03d64e5 verified 1 day ago

21 kB

	---
	license: cc-by-nc-4.0
	library_name: pytorch
	tags:
	- cybersecurity
	- adversarial-machine-learning
	- ai-security
	- adversarial-attacks
	- evasion-attacks
	- apt
	- tabular-classification
	- synthetic-data
	- xgboost
	- baseline
	- leakage-diagnostic
	pipeline_tag: tabular-classification
	base_model: []
	datasets:
	- xpertsystems/cyb011-sample
	metrics:
	- accuracy
	- f1
	- roc_auc
	model-index:
	- name: cyb011-baseline-classifier
	results:
	- task:
	type: tabular-classification
	name: 7-class adversarial attack phase classification
	dataset:
	type: xpertsystems/cyb011-sample
	name: CYB011 Synthetic AI Evasion Attack Trajectory Dataset (Sample)
	metrics:
	- type: roc_auc
	value: 0.9753
	name: Test macro ROC-AUC OvR (XGBoost, seed 42)
	- type: accuracy
	value: 0.8643
	name: Test accuracy (XGBoost, seed 42)
	- type: f1
	value: 0.7693
	name: Test macro-F1 (XGBoost, seed 42)
	- type: accuracy
	value: 0.867
	name: Multi-seed accuracy mean ± 0.010 (XGBoost, 10 seeds)
	- type: roc_auc
	value: 0.977
	name: Multi-seed ROC-AUC mean ± 0.002 (XGBoost, 10 seeds)
	---

	# CYB011 Baseline Classifier

	**Adversarial attack phase classifier (7-class) trained on the CYB011
	synthetic AI evasion attack trajectory sample. Predicts which of 7
	attack phases (`reconnaissance` / `feature_space_probe` /
	`perturbation_craft` / `evasion_attempt` / `feedback_adaptation` /
	`campaign_consolidation` / `idle_dwell`) a per-timestep trajectory
	event belongs to, from per-event features. ALSO ships a comprehensive
	`leakage_diagnostic.json` documenting 6 oracle paths discovered
	across the dataset's targets, 4 README-suggested targets that are
	unlearnable on the sample after honest leak removal, and the missing
	`nation_state` attacker tier.**

	> Read this first. This repo ships two related artifacts:
	> (1) a working baseline classifier for `attack_phase` (the dataset's
	> headline target), and (2) `leakage_diagnostic.json` documenting 6
	> separate oracle paths, 4 unlearnable targets, and one missing
	> attacker tier. Both files matter; the diagnostic is required reading
	> for anyone evaluating CYB011 for adversarial ML research.

	## Model overview

	\| Property \| Value \|
	\|---\|---\|
	\| Primary task \| 7-class `attack_phase` classification \|
	\| Secondary artifact \| `leakage_diagnostic.json` — 6 oracle paths + 4 unlearnable targets \|
	\| Training data \| `xpertsystems/cyb011-sample` (14,000 events / 200 campaigns) \|
	\| Models \| XGBoost + PyTorch MLP \|
	\| Input features \| 37 (after one-hot encoding) \|
	\| Split \| Group-aware (GroupShuffleSplit on `campaign_id`) \|
	\| Validation \| Single seed (artifact) + multi-seed aggregate across 10 seeds \|
	\| License \| CC-BY-NC-4.0 (matches dataset) \|
	\| Status \| Reference baseline + comprehensive leakage diagnostic \|

	## Why this task — and what was dropped

	The CYB011 README describes a "6-phase adversarial state machine."
	The actual sample data contains 7 phases — it adds `idle_dwell`
	as a class (18% of all events, the second-largest class). The
	published baseline trains on all 7.

	We piloted nine candidate targets and found:

	- `attack_phase` 7-class: strongest honest result. Acc 0.867 ±
	0.010, ROC-AUC 0.977 ± 0.002 (multi-seed). All 7 classes
	represented, per-class F1 range 0.49–1.00.
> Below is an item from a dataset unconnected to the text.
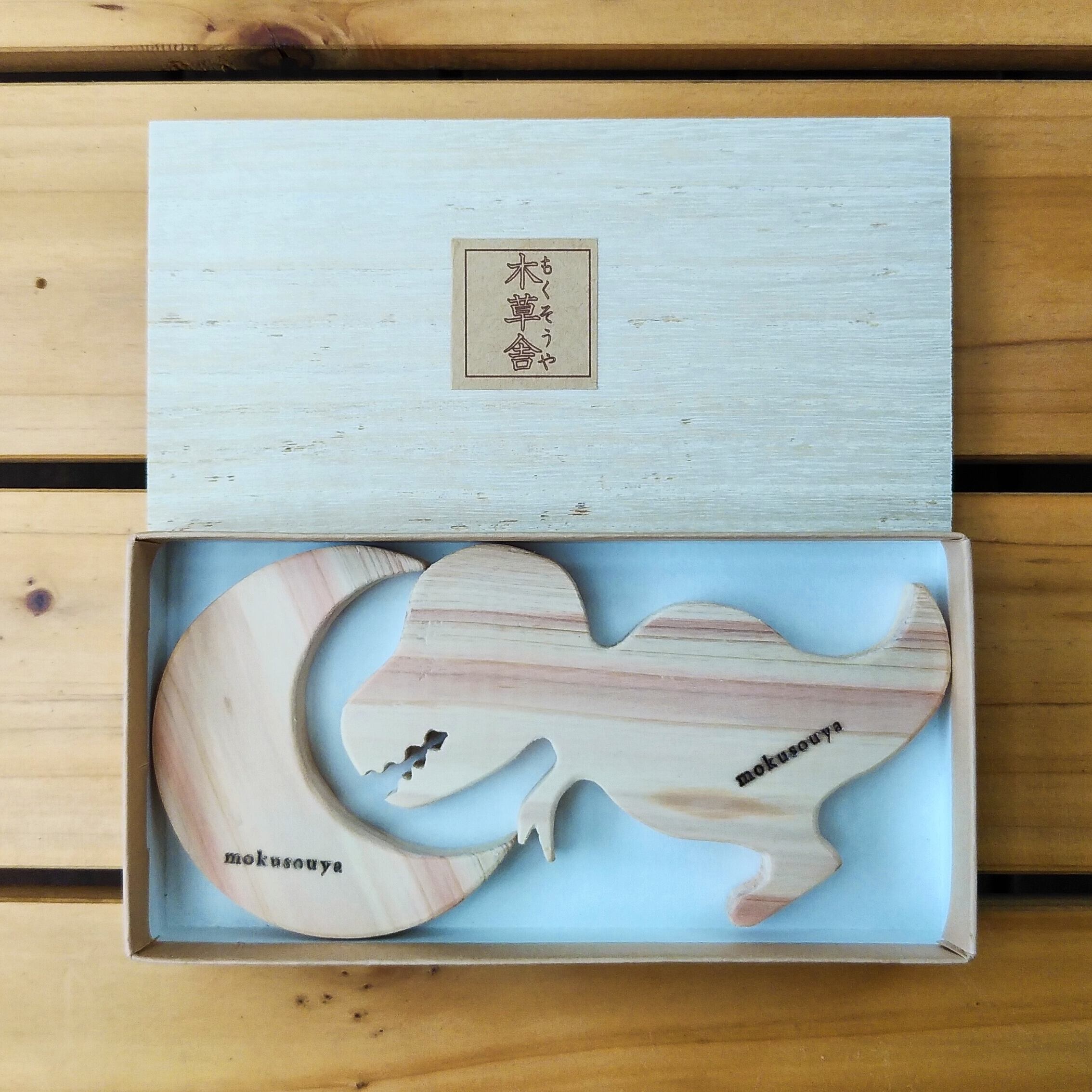 サイズ 恐竜:横88㎜×縦125㎜×厚10㎜ほど 月:横70㎜×縦74㎜×厚10㎜ほど

	- `attacker_capability_tier` 3-class (per-timestep): weak honest
	result (acc 0.68, mF1 0.64). The 3 tiers do not strongly
	distinguish each other at the per-timestep level — feature means
	are within ~1% across tiers.

	- `attacker_capability_tier` 3-class (per-campaign): hits acc 0.94
	but is structurally inflated by `stealth_score` leakage
	(near-deterministic ranges per tier). Documented in the diagnostic.

	- `detection_outcome` 4-class: hits 100% trivially via
	`detector_confidence_score` thresholds. Pure oracle.
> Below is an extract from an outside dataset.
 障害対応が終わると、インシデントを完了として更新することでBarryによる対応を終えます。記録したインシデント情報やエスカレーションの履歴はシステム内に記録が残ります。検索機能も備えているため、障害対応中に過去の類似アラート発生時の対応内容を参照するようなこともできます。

	- `defender_architecture` 8-class: hits 100% trivially via the
	topology fingerprint (7 segment features uniquely identify each
	architecture). Collapses to acc 0.13 vs majority 0.17 when the
	fingerprint is dropped.

	- `campaign_success_flag` / `campaign_type` / `coordinated_attack_flag`:
	all below majority baseline at n=200 campaigns.

	### Three oracle columns dropped from features

	The phase task has three direct outcome-leak columns. Each is a perfect
	or near-perfect oracle for specific phases:

	\| Column \| Oracle relationship \|
	\|---\|---\|
	\| `detection_outcome` \| `!= suppressed_alert` → 100% `evasion_attempt` phase \|
	\| `detector_confidence_score` \| Threshold-derived from `detection_outcome` (<0.25 → evasion_success, [0.52,0.78] → marginal, ≥0.78 → high_confidence) \|
	\| `evasion_budget_consumed` \| `== 0` → 100% one of 3 early phases (reconnaissance, feature_space_probe, perturbation_craft) \|

	With these three columns present, a plain XGBoost achieves 100%
	accuracy. The published baseline trains with all three excluded.

	### `timestep` kept as a legitimate observable

	`timestep` is a partial oracle for 3 phases (reconnaissance is
	always timestep 1-7, feedback_adaptation is 63-66, campaign_consolidation
	is 65-70). It's kept in the feature set because campaign-progress
	position is a real observable a defender would have at decision time
	— it's not encoding the label, it's encoding the lifecycle position.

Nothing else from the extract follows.